Pemerintah kembali menyiapkan skema insentif untuk mendorong pasar motor listrik di Indonesia. Menteri Koordinator Bidang Perekonomian Airlangga Hartarto mengatakan skema tersebut masih dalam tahap pematangan, tetapi anggarannya telah tersedia dan Presiden Prabowo Subianto sudah memberikan persetujuan.
Menariknya, Airlangga juga menyebut dua merek motor listrik lokal yang akan mendapatkan insentif, yakni Alva dan Gesits.

"Untuk produknya, salah satunya Alva, salah duanya Gesits," ujar Airlangga setelah Konferensi Pers Nota Keuangan dan RAPBN Tahun Anggaran 2027 di Kantor Pusat Direktorat Jenderal Pajak, Jakarta, seperti dikutip Antara.
Meski demikian, pemerintah belum membeberkan secara rinci berapa besar insentif, bentuk bantuan, kuota, maupun mekanisme penyalurannya. Airlangga menegaskan skemanya masih dimatangkan.

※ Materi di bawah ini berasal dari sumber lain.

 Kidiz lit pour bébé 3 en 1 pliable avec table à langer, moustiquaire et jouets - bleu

Alva dan Gesits Jadi Dua Merek yang Disebut Airlangga
Dua merek yang disebut secara langsung adalah Alva dan Gesits.
Keduanya merupakan merek yang telah mengembangkan dan memproduksi sepeda motor listrik di Indonesia. Alva berada di bawah PT Ilectra Motor Group, sementara Gesits dikenal sebagai salah satu pionir motor listrik nasional.
Nama Alva juga menjadi sorotan karena fasilitas produksinya di Cikarang, Jawa Barat, menjadi lokasi peluncuran Motor Listrik Nasional (MoLiNas) oleh Presiden Prabowo Subianto pada 13 Agustus 2026.

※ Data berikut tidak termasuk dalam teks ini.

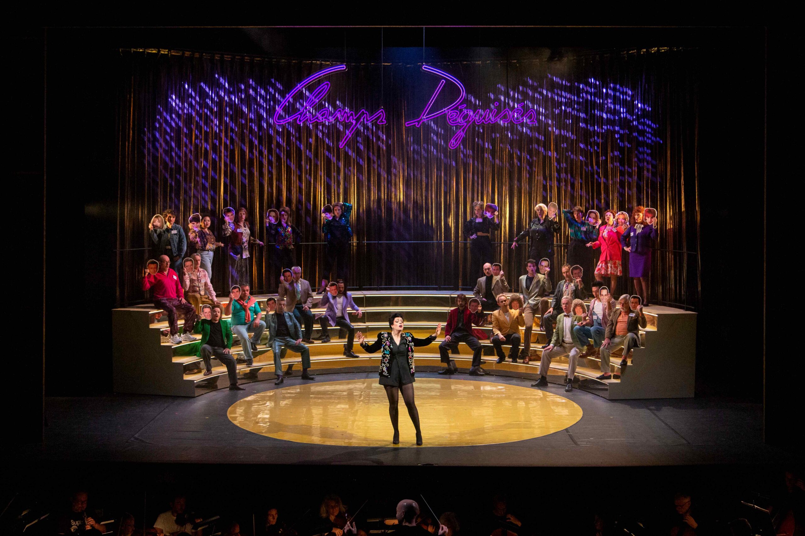 Très paradoxalement le spectacle onirique n’en met pas moins en évidence la partition du compositeur donnée dans son intégralité. Plusieurs des airs sont « entourés » par des ballets, les chorégraphies, signées Aurélie Mouihade et Karine Girard, mettent en abyme le festif du Second Empire tout en déclinant les danses des années 80. Les textes lus sur fiche gagnent de leur artificialité, l’échange lu Faust / Marguerite faisant perdre quelques repères au spectateur devenu joueur. Les personnages du drame conviés à l’émission (Siébel, Brander, Wagner, Altmayer…) se déplacent avec fluidité et naturel ; les costumes de Sabine Schlemmer, issus du vestiaire de tous les jours, mais étudié, finissent par les rapprocher de nous.

Dalam acara tersebut, Presiden meninjau proses produksi motor listrik di fasilitas Alva sekaligus melihat ekosistem kendaraan listrik yang dikembangkan di lokasi tersebut.
Namun, penyebutan Alva dan Gesits oleh Airlangga perlu dibaca secara hati-hati. Belum ada rincian resmi mengenai formula insentif yang secara spesifik akan diterima masing-masing merek.

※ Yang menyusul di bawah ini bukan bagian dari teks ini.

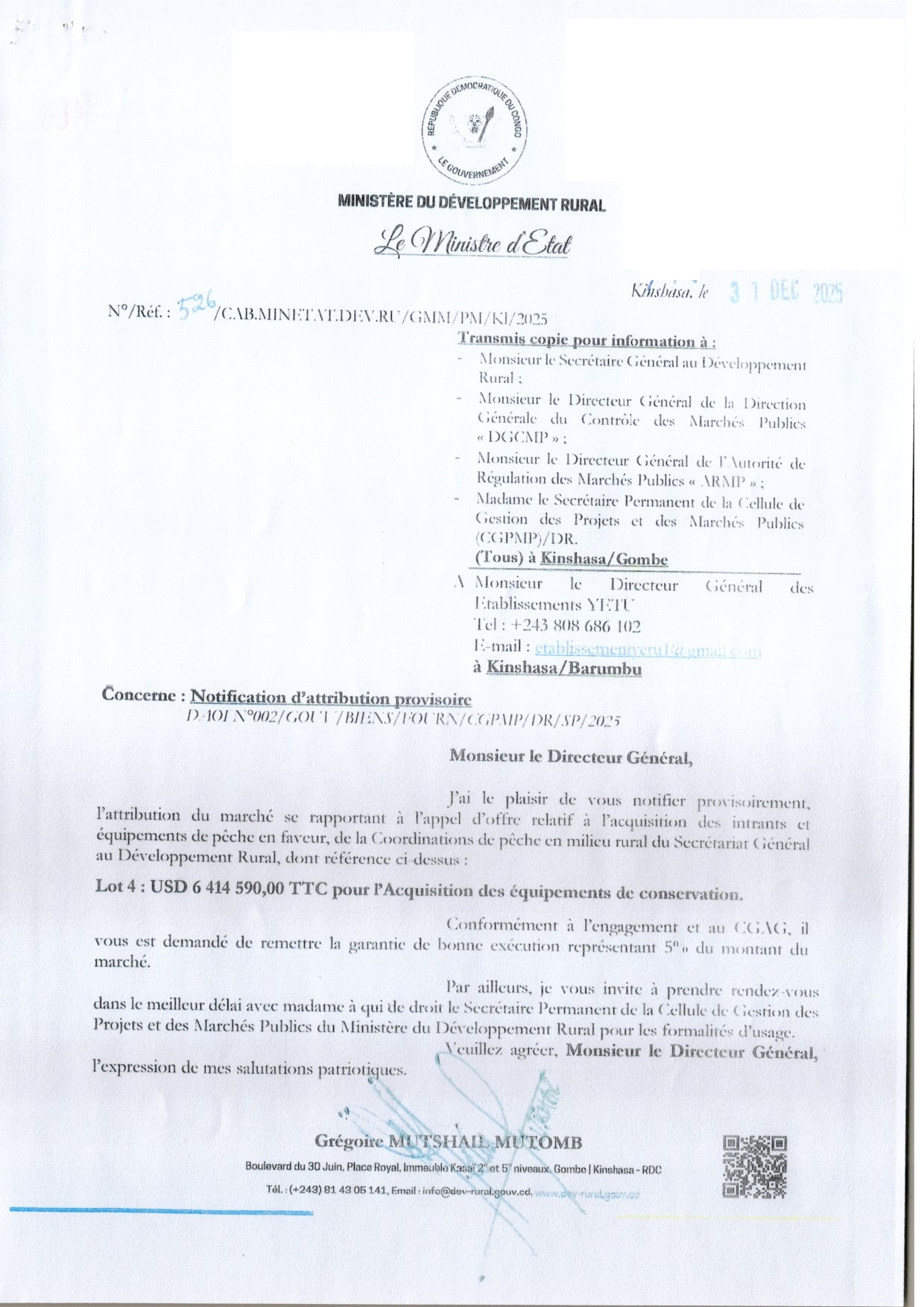 Attribution provisoire accordée à l’Établissement YETU relative à l’acquisition des équipements de conservation (lot 4)

Dengan kata lain, informasi yang tersedia saat ini baru memastikan kedua merek tersebut disebut pemerintah sebagai produk yang akan masuk skema insentif.
Penjualan Motor Listrik Pernah Melonjak Saat Ada Insentif
Rencana insentif baru tidak terlepas dari pengalaman program bantuan pembelian kendaraan listrik sebelumnya.
Data penjualan berdasarkan Sistem Registrasi Uji Tipe (SRUT) Kementerian Perhubungan menunjukkan pasar motor listrik mengalami lonjakan signifikan sejak program insentif diberlakukan.
Penjualan tercatat:
| Tahun | Motor listrik |
|---|---|
| 2022 | 17.198 unit |
| 2023 | 62.409 unit |
| 2024 | 77.078 unit |
| 2025 | 55.059 unit |
Penjualan melonjak sekitar 263 persen dari 17.198 unit pada 2022 menjadi 62.409 unit pada 2023. Pada 2024, angkanya kembali meningkat menjadi 77.078 unit.
Namun, ketika dukungan insentif tidak berlanjut, penjualan 2025 turun menjadi 55.059 unit atau sekitar 28,6 persen dibandingkan 2024.
Tren tersebut menjadi salah satu alasan mengapa kepastian kebijakan pemerintah menjadi faktor penting bagi industri motor listrik.
Bantuan Pembelian Pernah Terserap Puluhan Ribu Unit
Program bantuan pembelian kendaraan listrik roda dua pada 2023 dan 2024 juga menunjukkan tingginya respons pasar ketika harga kendaraan mendapat dukungan pemerintah.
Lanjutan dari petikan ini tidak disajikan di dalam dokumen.